A Mystery at Carlton House
Page 2
The surgeon held a tiny babe upside down, shaking it by its feet. The infant howled in protest, the howling not ceasing when the surgeon swung it upright and thrust it at the midwife.
Donata’s body and the sheets were covered in blood, as were the surgeon’s hands and arms. The surgeon looked exhausted. But instead of covering Donata with a sheet, turning to tell me she’d died in the process, he squeezed out a large sponge from the basin and began mopping off her skin. Then he threaded a wicked-looking needle and plunged it through her flesh.
The midwife had turned away, using another sponge to wash off the babe, which she quickly wrapped in a blanket. She’d nearly disappeared out the door to Donata’s dressing room when I caught her.
She turned back to me, the bundle in her arms crying its fury. The midwife’s eyes were round with fear, which lanced coldness through my heart.
“Her ladyship came through fine,” she said in a shaking voice. “She’s powerfully strong, like all her mother’s family. This one needs a wet nurse.”
She was about to swing away, but I caught her arm. “For God’s sake, woman,” I said. “Let me see my child.”

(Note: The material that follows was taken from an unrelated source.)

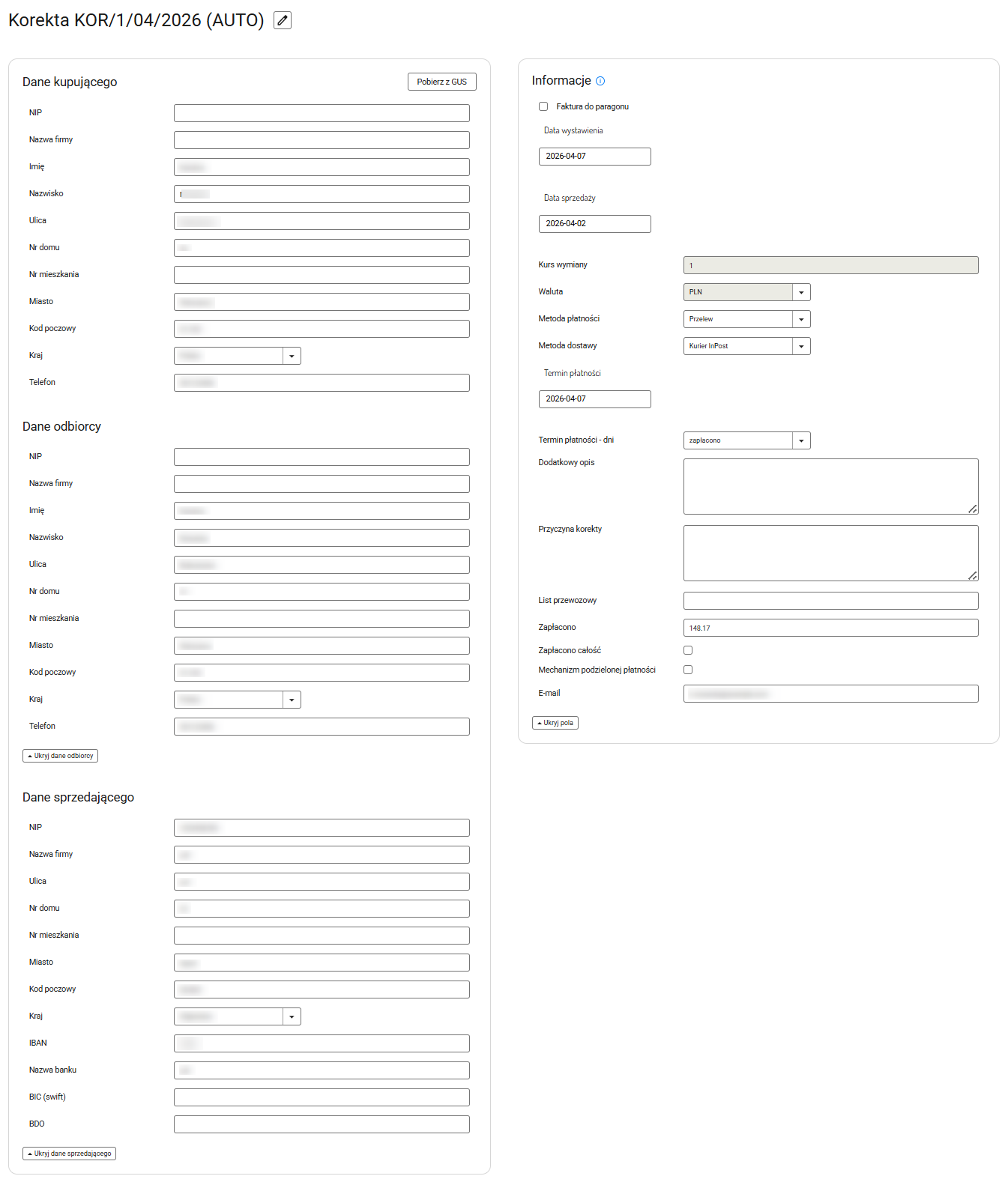 3. Na ekranie zobaczysz formularz tworzenia korekty.

The midwife’s look was full of trepidation, but she peeled back the blanket. I saw a face scrunched in rage, eyes closed, a pink mouth opened in a deafening roar. Tiny arms moved, tiny fingers clenching desperately at nothing.

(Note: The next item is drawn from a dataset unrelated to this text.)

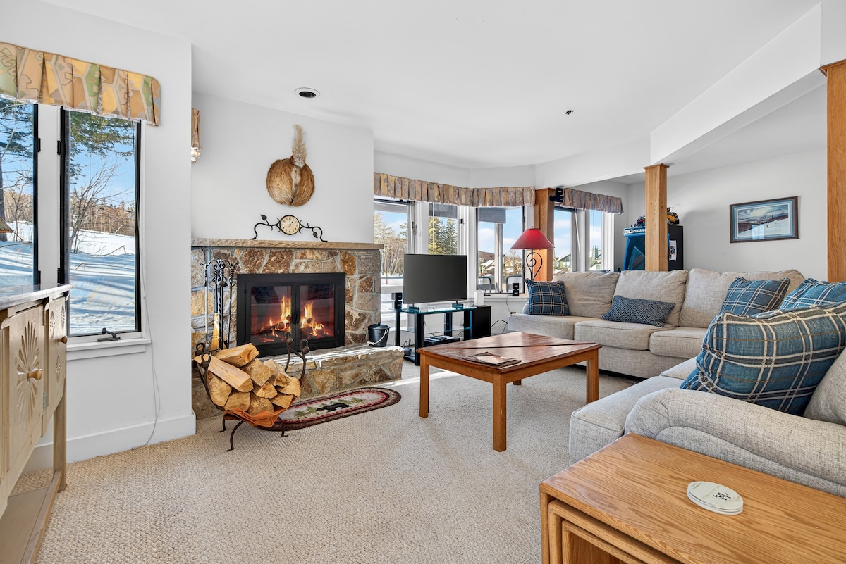 Directly on the mountain. Minutes walk to 2 trails. Full kitchen, dishwater, washer/dryer, microwave. Fireplace with free wood. Large screen TV in living room and tv in each bedroom. Plenty of board games. King size bed in Master. Free parking for 2 cars. Ground floor with deck with tables and chairs for relaxing. Free parking. The pool (indoor & outdoor) and hot tubs are free to renters as is fully equipped gym (all year) and tennis courts in summer.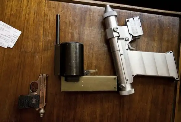 Первым побывавшем в космосе оружием стал пистолет Макарова, входивший в аварийный запас космонавта еще с полета Юрия Гагарина. С 1982 года его заменило специально разработанное для выживания и самообороны в условиях нештатной аварийной посадки СОНАЗ – «стрелковое оружие носимого аварийного запаса», известное так же под маркировкой ТП-82, трехствольный пистолет космонавта.

My heart must have stopped beating, because suddenly I was gasping for breath. I reached out and touched the hand, and the fingers closed around mine in a startlingly firm grip.
“He’s a Lacey all right,” I said, the pride bursting from me before I could dampen it.
“Not he, sir,” the midwife said in a terrified whisper. “She. It be a little girl. I’m sorry, sir.”
Warmth blossomed in my chest like the sun pushing through a dense bank of fog on a winter’s day. The heat radiated through my body until my skin began to sear.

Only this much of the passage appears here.